When estimating and executing a project, it is important to have a good view on effort and scope. In order to do so you need to have a metric that you can use to measure these. For effort it is obvious, man days, man hours, man weeks will be your unit. Often, the same units are used for scope as well. In Earned Value Analysis you have something called a budgeted man-day (or budgeted dollar) which is used to define both scope as estimated effort. Your actual man-day’s or dollars will then tell you how much you really had to spend in order to achieve a budgeted manday or dollar. In this setup, estimated effort and scope are treated as one. Personally I find that confusing, since the same unit of measurement is used for two entities. Another drawback is that you are expected to come up with pretty precise man-day estimates even for the smallest items. That means a lot of estimating to be done up front, and the relevance and accuracy of man-day estimates for small items a long time before they are implemented is questionable.
Of course this one of the reasons why the Agile community came up with the concept of story points. I must admit I needed a while before I learned to appreciate the story point. Initially I found it too abstract, and I had difficulty in relating it to budget. My reasoning went as follows: It is nice to have a project estimate in story points, but you can’t go to your project sponsor or CFO and tell him that this project is going to cost 750 story points. Senior stakeholders need a dollar figure in order for them to calculate a ROI on the project to see if it makes sense. So at the end of the day you still need to convert your story point estimate to man-days and dollars, and if that is the case, then why bother with story point estimating at all? It just seemed making estimating unnecessarily complex.  So up until a few years ago, I did all my estimates in man-days and use Earned Value Analysis to track progress.
But more recently I realized that the good thing about story points is that it can be used as a measure of scope, independent of effort. The two are related of course through the concept of velocity (story points per sprint), but they are separate entities that have their own measurement unit and can be estimated separately.
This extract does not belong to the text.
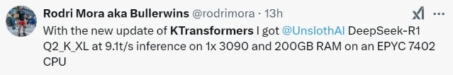 比如清华的团队就用单张RTX 4090+超大规模内存阵列的方式,实现了本地的671B版本DeepSeek部署,而且输出速度并不慢,简单计算下,整体成本远低于购买专业服务器和计算卡,已经具有可行性。

This means that a team can have discussions on the contents of a user story or epic without thinking about the effort. They can decide on whether user story A is larger or smaller than user story B and as a result they assign more or less story points. There are several ways of doing this (planning poker and comparing with a baseline user story, or sorting the user stories by size and give the smallest one a value of 1 and then go up the Fibonacci series). Once all user stories and epics are estimated in story points at the beginning of the project, and many functional and technical issues have been addressed during the estimation process, putting a man day figure on the project as a whole becomes a lot easier. I explicitly consider the story point estimate as a measure of scope, because I can then also track it separately from effort. As experience learns, there are cheap story points and expensive story points. Over the whole project you will average out a certain velocity, but some user stories that have a low estimate in story points will turn out to be expensive in actual effort, and some large user stories will come in pretty cheap. That’s just a consequence of not knowing everything up front and unforeseen events that impact the actual effort. In other words, you will tend to overestimate some user stories and underestimate some others, and you will encounter team members falling sick or leaving or on the contrary maybe feeling more productive than usually. This means that the relationship between scope size and actual effort is a statistical one, not a deterministic one. On average you will achieve a certain velocity but for an individual user story you may either achieve that velocity, or go faster or slower. That will depend on the things you didn’t know when estimating the story and circumstances you encounter while you are implementing it, both of which you don’t have under control at the start of the project.
In Earned Value Analysis, this would come up as some budgeted man-days being cheaper in actual man-days than other budgeted man-days. Again, I just find that confusing. I prefer to work in story points nowadays. If we add a new user story, we only consider its size relative to the ones we already have on the backlog. If we are not entirely sure, we assign more points to incorporate the risk. We don’t bother with getting a precise man-day estimate. After adding a new story, our scope has increased with some points and our project burn-up chart will tell us if the total scope is still feasible within the allocated budget and schedule or that we have to remove something.
All fine and well, but as I said previously, CFO’s don’t care about story points when the time is there to assess projects on their potential ROI. So how do we go from story points to man-days and dollars? If you have an existing team with an established velocity this is straightforward. Just divide the amount of story points they estimated through their velocity and you end up with the amount of sprints. From there it is easy to get to man-days and then via their daily rates to dollars. If you have a newly composed team with still unknown velocity, you can approach this in several ways.
The first is to let the team establish  an initial value for the velocity. Let them take a few user stories again, of different sizes and try to estimate these in man-days. Then compare the results to the story points of those user stories. Continue with this until the man-day estimates for these stories are more or less in line with the story point estimates i.e. a 1 point story results in an X days estimate, a 5 point story results in more or less a 5X days estimate. That should give you an indication of story points per man-day. That you can translate to an initial velocity and total project man-days and dollars.
Another approach is from a resourcing perspective. You can ask the team the question, how much time would this entire project take us, and which team composition would we need for it, based on the information we learned estimating the initial user stories and epics? The result will be a man-day estimate for the entire project, and you can work your way back to an initial velocity.
Or you can let them plan the first sprint based on what they think is realistic and take that as your initial velocity. Again just divide the amount of story points through this initial velocity and from there go to man-days and dollars.

Friday, February 15, 2013

Bug tracking and monitoring


Developers make bugs. There’s nothing you can do about it. So in order to deliver a high quality project the key is to find them and fix them. That means you need a view on how much bugs have been found vs. how much are potentially in the already developed code, and you need a view on how much of these have been solved. If you don’t have a clear view on either of these parameters at all times during your project, your project has an unknown quality. That means that your schedule and budget are becoming unreliable, since you don’t know how much time and money you still need to spend on bug fixing.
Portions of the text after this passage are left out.